In September, the Azerbaijanis were ready to execute their plan, codenamed “Operation Iron Fist,” and began mobilization weeks before the outbreak of hostilities. The Armenians, confident in their mountain defenses, did not mobilize early. Artsrun Hovhannisyan, Press Secretary of the Armenian Ministry of Defense, boasted a few days before the war: “If Azerbaijan starts a war, Armenian tanks will go as far as Baku.” By late September, the stage was set.

[…]

Former Secretary of the Artsakh Security Council (2020), and former Commander of the Defense Army (1993–99), Samvel A. Babayan talked about his experience on the first day of the war and described it as an unmitigated disaster.

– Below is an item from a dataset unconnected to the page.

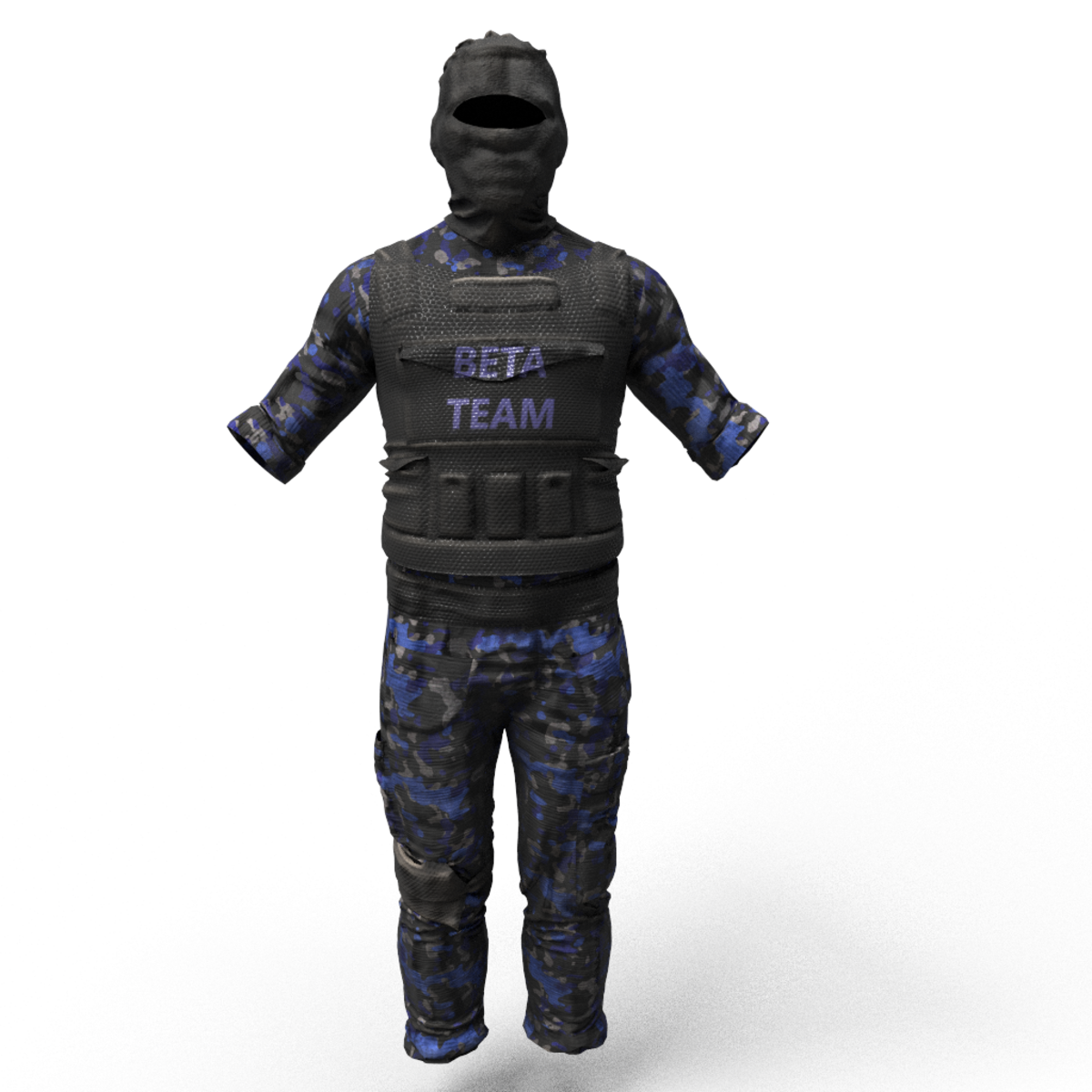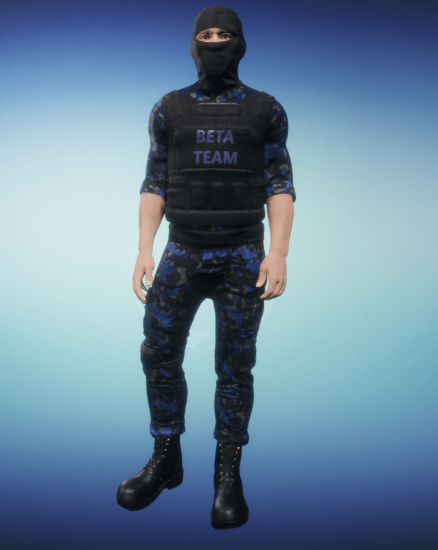 Military Beta TEAM Uniform. # Made for role games # ---Single piece uniform include: balaclava, shirt, bulletproof vest, tactical pants. ---Boots sold separately, you can find them in my store page--- -High quality CGI created by industry professionals- -Top level textures- -You can dynamically simulate this cloth over your avatar to fit your favorite style- -Want the name of your custom team? Contact me: fabeeobreen@gmail.com - Bringing real swag into virtual worlds. Flex your experience!

On the morning of September 27, the Armenian side lost 50% of its anti-aircraft forces and 40% of its artillery in 15 minutes. The enemy had satellites looking at us. It happened in 15-20 minutes. If the Armenian side loses 40% of the artillery and 50% of the anti-aircraft, it is a big disaster.

Although Armenia had 26 years since the end of the First Nagorno-Karabakh War to prepare for this day, it was not ready. The elaborate trench lines and bunkers, that may have been well-suited to win the First War, were not camouflaged, prepared or properly defended for the new systems the Armenians would face in the Second War. As events developed, it is doubtful any trench lines without layered and resilient air defense coverage, no matter how well camouflaged, would have made a difference. “Armenia has an army of the 20th century,” reported Sergey Sovetkin, Russian military analyst for Russian Military Review on October 2, 2020, “while Azerbaijan has elements of the 21st century. Hence the difference in battle tactics.”

[…]

The concept was to blind the Armenian defense network, disintegrate the network, then take apart the other systems. To do this the Azerbaijanis were counting primarily on their flying robotic combat systems — unmanned combat aerial vehicles (UCAVs), loitering munitions, and intelligence, surveillance and reconnaissance (ISR) unmanned aerial systems. Whenever possible, artillery and rocket forces would attack Armenian systems identified by the drones. The first step was to deceive and overwhelm the Armenian Soviet-era air defense radars and missile systems, by using decoys and electronic jamming, and then destroy key targets using Turkish and Israeli-made UASs for ISR, and UCAVs and LMs for ISR and strike.

[…]

To determine where the main air defense strength of the Armenians was located, Azerbaijan set in motion a sophisticated deception operation. Earlier in 2020, it had purchased 60 1940s-designed, Antonov An-2 biplanes (codenamed “Colt” by the North Atlantic Treaty Organization, NATO). The seller, Russia, was more than happy to sell these ancient aircraft for a good price, not understanding or caring about their intended use. Azerbaijan, most likely with help from the Turks, repurposed these aircraft as unmanned, remotely piloted vehicles (RPVs). They then filled each aircraft with explosives. In the opening phase of the conflict, the Colts were flown against the Armenian air defenses. Flying at a medium altitude so radar would be sure to pick them up, the Armenian air defense network turned on, identified, and then destroyed several of the incoming aircraft.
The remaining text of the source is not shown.